![]()
Paul Vanderbroeck
Le Christ philosophe, by Frédéric Lenoir. Paris: Plon, 2007, 306pp., € 19.
The publication of a book on the link between our modern values and Christianity is most welcome during a time and age, when in Europe we seem to have lost the ideological basis of our society. The French philosopher, scholar of the History of Religions, and Director of the prestigious Le Monde des Religions Frédéric Lenoir joins nineteenth-century Danish philosopher Søren Kierkegaard in putting forward that the churches have obscured the real message of the Gospels in their communication with their congregations. Lenoir believes that the modern appearance of separation of church and state, human rights, freedom of conscience, everything that has been done during the sixteenth, seventeenth, and eighteenth centuries against the will of the clerics, did not happen without implicitly or explicitly resorting to the original message of the Gospels.1
In addition to philosophy, Lenoir’s book also covers an overview of the historical sources of the life of Jesus, the birth of the church, the evolution of the Christian church from its inception to the late Middle Ages, and Christianity from the modern era until today. The book is completed with an interesting overview of what is left of Christianity in contemporary society: worship for some, innumerable biblical references in art, and biblical expressions used in day-to-day language by all.
Christ was a reformer of Jewish religion. He taught a new understanding of salvation and a new philosophy. This philosophy laid the foundations of what later became the ideal of human rights. Hence, three out of seven chapters in Lenoir’s book are dedicated to the “philosophy of Christ” and its impact on humanism and modern thought. Chapter II, specifies that Christ’s ethic, according to Lenoir, consists in equality among humans, freedom of the individual, emancipation of women, social justice, separation of church and state, non-violence, forgiving and loving your fellow human being. In this essay, I would like to enter into a discussion with Lenoir’s book and particularly concentrate on the consequences for the political system of the “philosophy of Christ”, an aspect (together with the consequences for the economic system) that in my view seems to be missing in Lenoir’s work.
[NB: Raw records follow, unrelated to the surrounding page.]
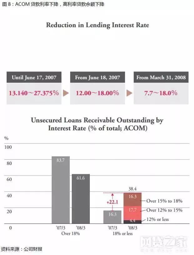 事实上,随着《贷金业法》的修正,ACOM是最早改变经营策略的消费金融企业。ACOM率先摆脱此前对于高风险客户的依赖,开发低利率信贷产品以吸引高质量客户。2007年下半年起,ACOM产品的利率区间从此前的13.14%~27.375%下调到12%~18%以满足《利息限制法》的要求。在利率下降后,其超额利率贷款余额也出现下降。在2007年3月,ACOM利率超过18%的贷款月占比为83.7%,而在一年之后该比重下降到61.6%,可见ACOM为符合法律和监管要求在短期内做出了明显的战略调整。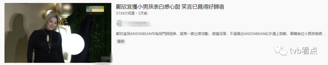 据香港娱乐媒体最新报道,近日,34岁香港女星郑欣宜与同门师弟ANSONBEAN一起出席活动,受访时她大方分享了自己的近况。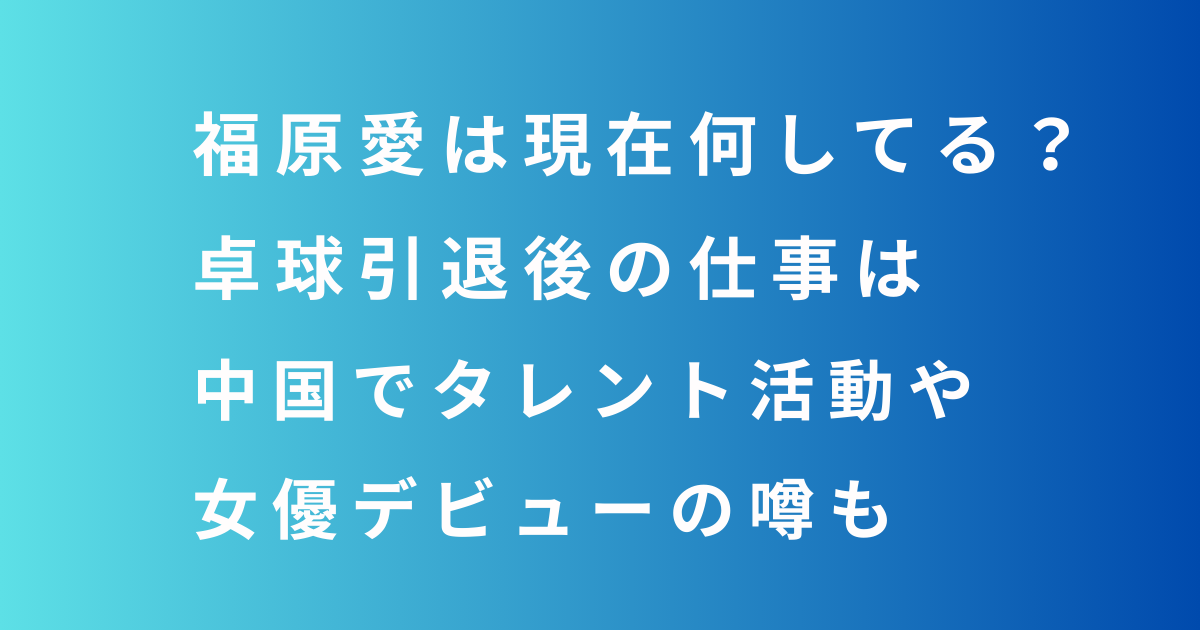 「福原愛ちゃん、最近テレビで見かけないけど今どうしてるんだろう?」

Christianity indeed is the basis of our current philosophy. I would even go further in saying that it also forms the foundation of our democratic political system. Jesus Christ undoubtedly wanted a separation of religion and politics, as Frédéric Lenoir asserts, basing his argument on the famous “Render unto Caesar the things which are Caesar’s, and unto God the things that are God’s” (Matthew 21.22). Yet Jesus has also and especially given us a value system, an ethical framework for human interaction, i.e. political, economic, and social relationships.
As a matter of fact, the famous “Render unto Caesar” may well have a second meaning. Until the arrival of Jesus, God sometimes intervened on behalf of the Jewish people to save it from a foreign oppressor. Would it not be plausible that Jesus also wanted to clarify that such divine intervention had come to an end, which would fit with the logic of his message? While allowing all of humanity to belong to God, Jesus put an end to the separation between Jews and non-Jews. Consequently, the liberation of the Jews from Roman oppression did no longer make sense, because—as Jesus says—before the Final Judgement, God would not privilege one man against another. Until the last moment, all men have the possibility to choose to follow Christ and be welcomed into the Kingdom of Heaven (Luke 15.7 and 11–32).
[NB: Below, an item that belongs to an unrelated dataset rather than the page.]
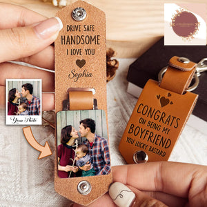 Congrats On Being My Boyfriend Personalized Photo Leather Keychain, Gift for Couple

More autonomous, humanity henceforward needed an ethical framework, which would allow for this self-rule of its relationships on Earth. This also explains the importance Jesus puts on non-violence and the peaceful resolution of conflict. In future, God would no longer solve the conflicts between his people and their enemies at the last instance. Jesus Christ’s reform of Judaism therefore also was an “update” of its value system. The moment He chose was not a coincidence. At the birth of Christ, Greco-Roman civilisation had arrived at its apogee. Its philosophy had developed some key ideas not dissimilar to Judaism. The political and economic stability of the Pax Romana should allow for a bolstering of its ideology. Christianity indisputably has been able to expand rapidly in this constellation.
To understand this new ethical framework, it is fundamental to go back to the Gospel. The essence of Christian philosophy is captured in a phrase at the end of the Sermon on the Mount: “Do to others as you would have them do to you.” For Lenoir, the phrase links to only one aspect of Christian ethics: love for one’s fellow human being. In my opinion, this point of view is too limited. When we ask ourselves how man would like others to have done to him or her, we arrive at the fundamental democratic principles of Liberty, Equality, and Fraternity.2 A simpler, clearer, wider and therefore much stronger ethical framework than the seven ethical values cited above by Lenoir.
How then do people would like others to have done to them? First, individuals want the liberty and the autonomy to take their own decisions, take life into their own hands and prosper. A human being wishes to be free instead of enslaved and to own property. Second, individuals do not want to be discriminated against and have the same rights and the same protection from the law as their fellow human beings. Third, when in need, man wishes to be able to count on help from other people.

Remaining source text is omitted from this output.